- Opening Delimiter -
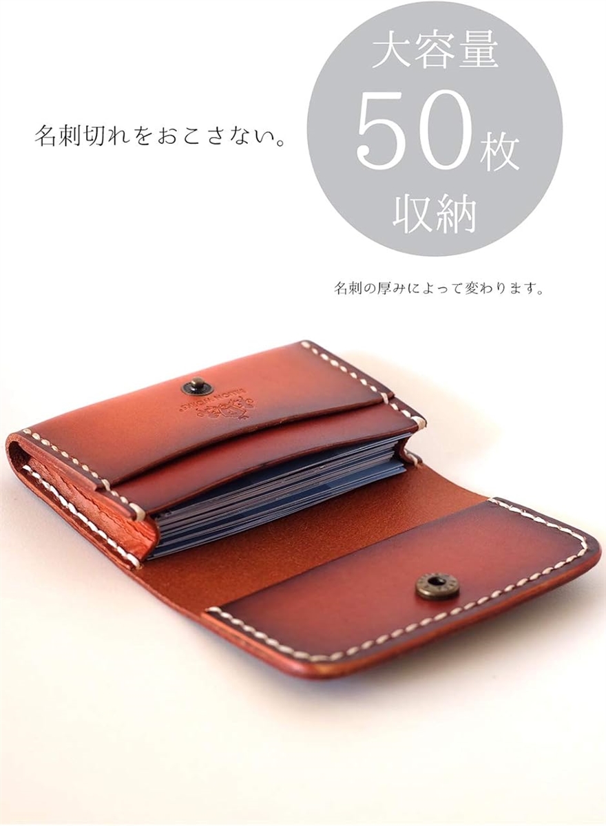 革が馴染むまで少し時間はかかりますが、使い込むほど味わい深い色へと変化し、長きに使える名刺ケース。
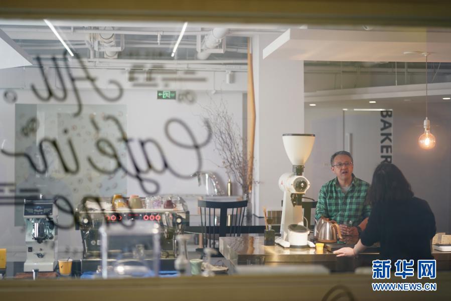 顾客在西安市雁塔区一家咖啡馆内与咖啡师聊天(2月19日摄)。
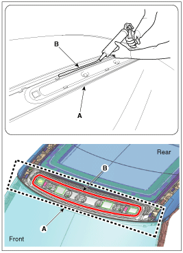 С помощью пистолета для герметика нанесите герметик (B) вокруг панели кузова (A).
- Closing Delimiter -
Work request> Down to the last line, reproduce the material above exactly; skip its images.

Response for this exercise>
 革が馴染むまで少し時間はかかりますが、使い込むほど味わい深い色へと変化し、長きに使える名刺ケース。
 顾客在西安市雁塔区一家咖啡馆内与咖啡师聊天(2月19日摄)。
 С помощью пистолета для герметика нанесите герметик (B) вокруг панели кузова (A).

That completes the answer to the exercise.